VEON Future Earnings Per Share Growth
Risks
What could happen that would invalidate this narrative?- The political unrest in Bangladesh and the challenging macroeconomic environment significantly impacted operations, resulting in unstable revenue and potential volatility in growth. This implies potential risks of depressed revenue and profits in similar regions.
- The exiting of Russia, while a strategic decision, has reshaped VEON's financial profile, affecting their net debt to EBITDA ratio, which could impact their ability to leverage future earnings growth.
- Cyberattack impacts in Ukraine highlight potential operational vulnerabilities that can seriously disrupt network and financial performance, affecting revenue stability and potentially increasing operational costs.
- The capital expenditure intensity exceeded expectations due to investments in Ukraine amidst ongoing conflict, impacting equity free cash flow, which may limit future profit margins if these conditions persist.
- The deconsolidation of the TNS+ business in Kazakhstan reduced reported growth figures, indicating that further similar divestments or business changes might negatively impact their earnings and growth projections.
Valuation
How have all the factors above been brought together to estimate a fair value?- The analysts have a consensus price target of $63.225 for VEON based on their expectations of its future earnings growth, profit margins and other risk factors.
- In order for you to agree with the analyst's consensus, you'd need to believe that by 2028, revenues will be $4.8 billion, earnings will come to $673.7 million, and it would be trading on a PE ratio of 8.3x, assuming you use a discount rate of 7.1%.

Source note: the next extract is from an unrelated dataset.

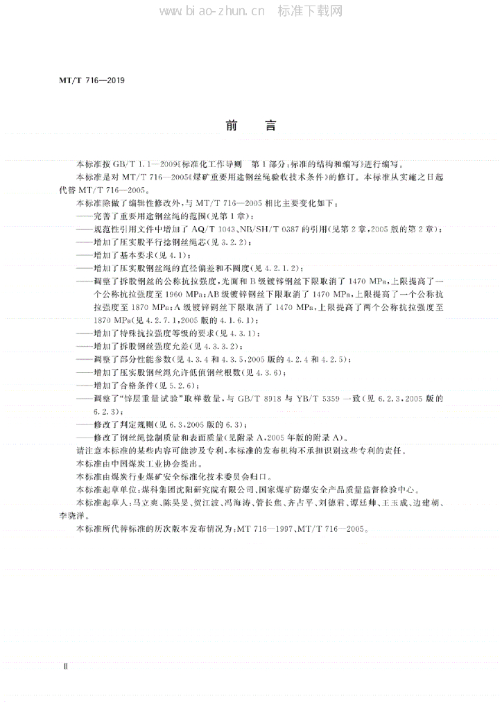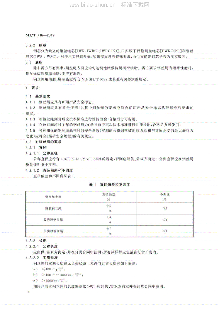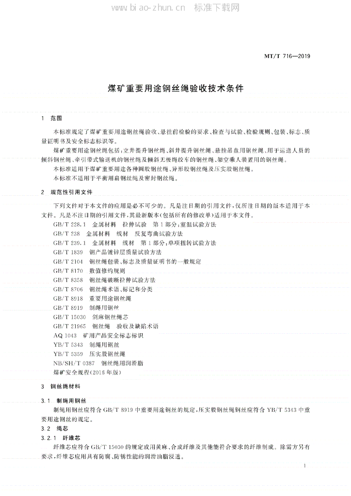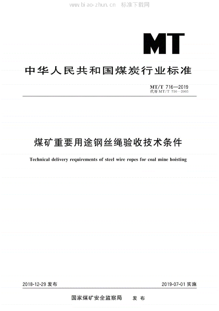 MT/T 716-2019 煤矿重要用途钢丝绳验收技术条件

- Given the current share price of $44.16, the analyst price target of $63.22 is 30.2% higher.
- We always encourage you to reach your own conclusions though. So sense check these analyst numbers against your own assumptions and expectations based on your understanding of the business and what you believe is probable.
How well do narratives help inform your perspective?
Disclaimer
Warren A.I. is a tool utilizing a Large Language Model (LLM) that ingests data on consensus price targets, forecasted revenue and earnings figures, as well as the transcripts of earnings calls to produce qualitative analysis. The narratives produced by Warren A.I. are general in nature and are based solely on analyst data and publicly-available material published by the respective companies. These scenarios are not indicative of the company's future performance and are exploratory in nature. Simply Wall St has no position in the company(s) mentioned. Simply Wall St may provide the securities issuer or related entities with website advertising services for a fee, on an arm's length basis. These relationships have no impact on the way we conduct our business, the content we host, or how our content is served to users. The price targets and estimates used are consensus data, and do not constitute a recommendation to buy or sell any stock, and they do not take account of your objectives, or your financial situation. Note that Warren A.I.'s analysis may not factor in the latest price-sensitive company announcements or qualitative material.